When Sales has the ability to compare and measure actual revenue attainment to booked deals, they can gain insight that:

  • Gives them a better understanding of how bookings relate to their quota and revenue targets
  • Enables them to take more responsibility for revenue created
  • Empowers them to proactively address issues with customers
  • Keeps them better aligned with company goals

Galvanizing Sales in this way also gives them visibility into the direct correlation between revenue growth and active account management.

Revenue visibility is powerful for Finance/FP&A and Sales Operations teams — but it can be equally as powerful for the sales team. While Salesforce doesn’t include revenue visibility tools right out of the box, an app like revVana can easily add this capability and create a two-way exchange of valuable insight for the organization.
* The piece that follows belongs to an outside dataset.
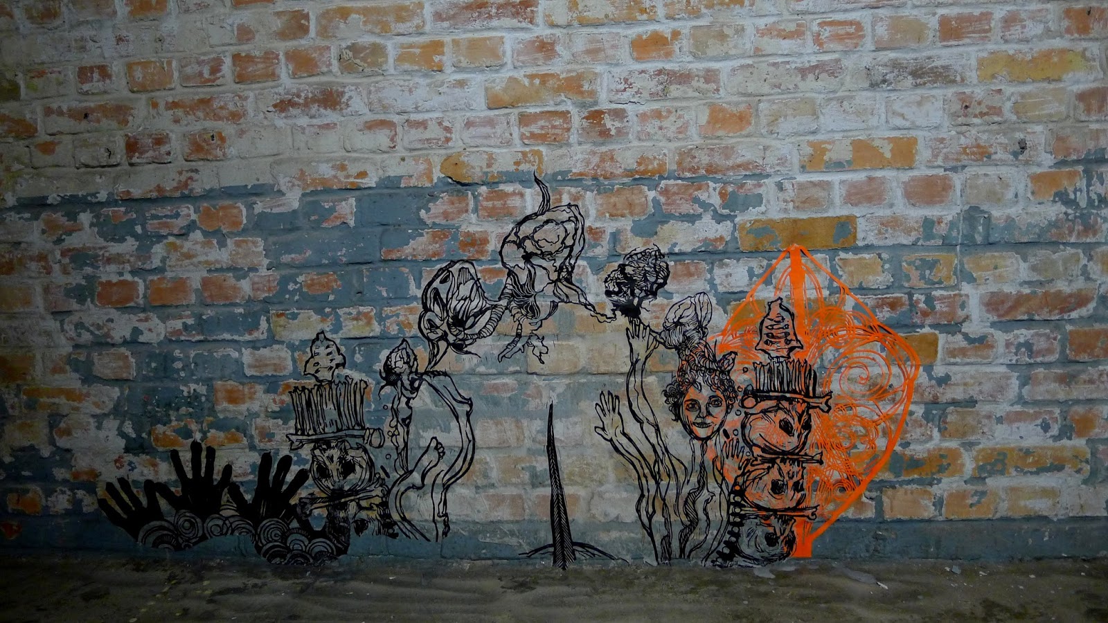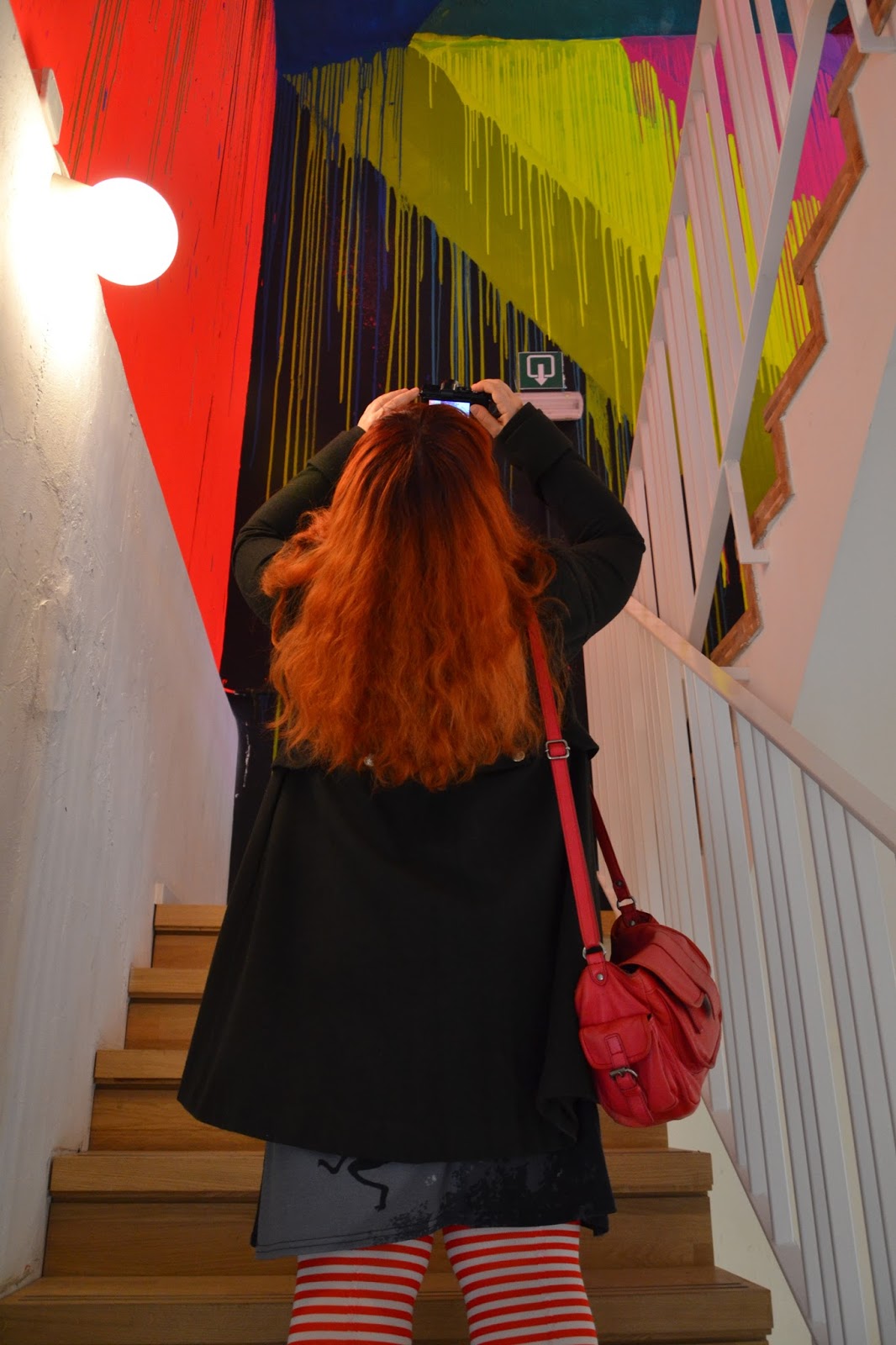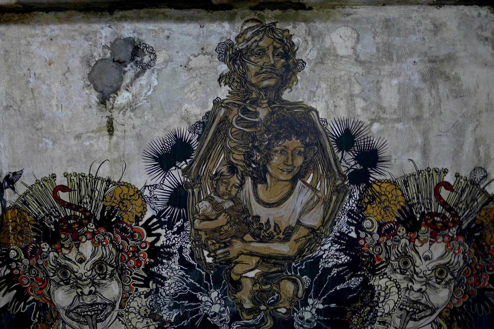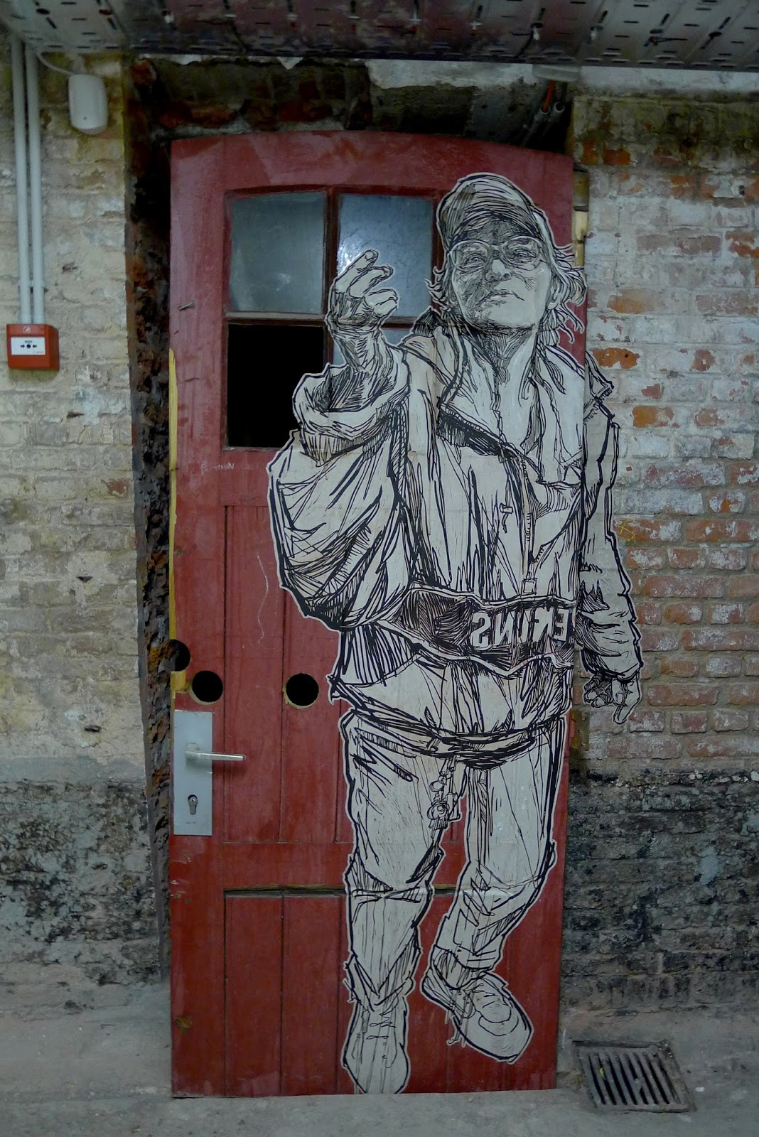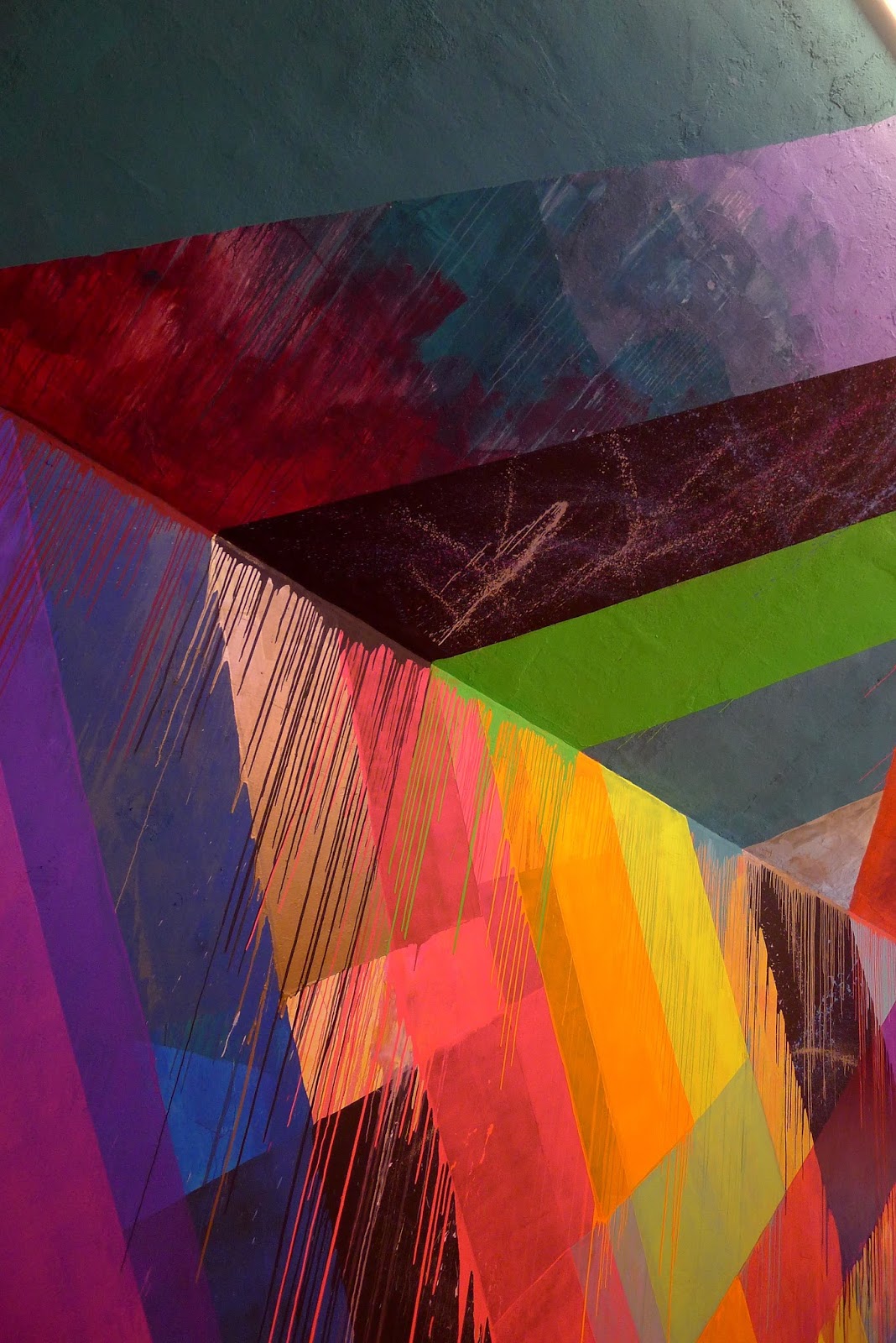 Passée l’entrée dans laquelle se trouvent une minuscule boutique et un resto-bar très agréable qui sert paraît-il de fabuleuses pizzas, nous avons commencé par descendre au sous-sol bien destroy où sont actuellement exposés les collages en papier de la street artist Swoon. L’adéquation entre lieu et oeuvres est absolument parfaite, et j’ai aimé traquer les motifs jusque dans les coins les plus reculés.

Who’s Using Salesforce and Who COULD Be Using It?

An organization purchases Salesforce for their sales and marketing teams, but the data is both highly valuable and increasingly critical for other teams as well — particularly Finance/FP&A and Sales Operations.

By extending the usability and data of Salesforce to financial and operations teams, you can extract hidden benefits from the software your organization has already invested in, increasing ROI while making revenue more visible across the organization.

Salesforce was designed as a sales tool, but with a few small adjustments, it can be a more powerful, cross-functional tool for the entire company.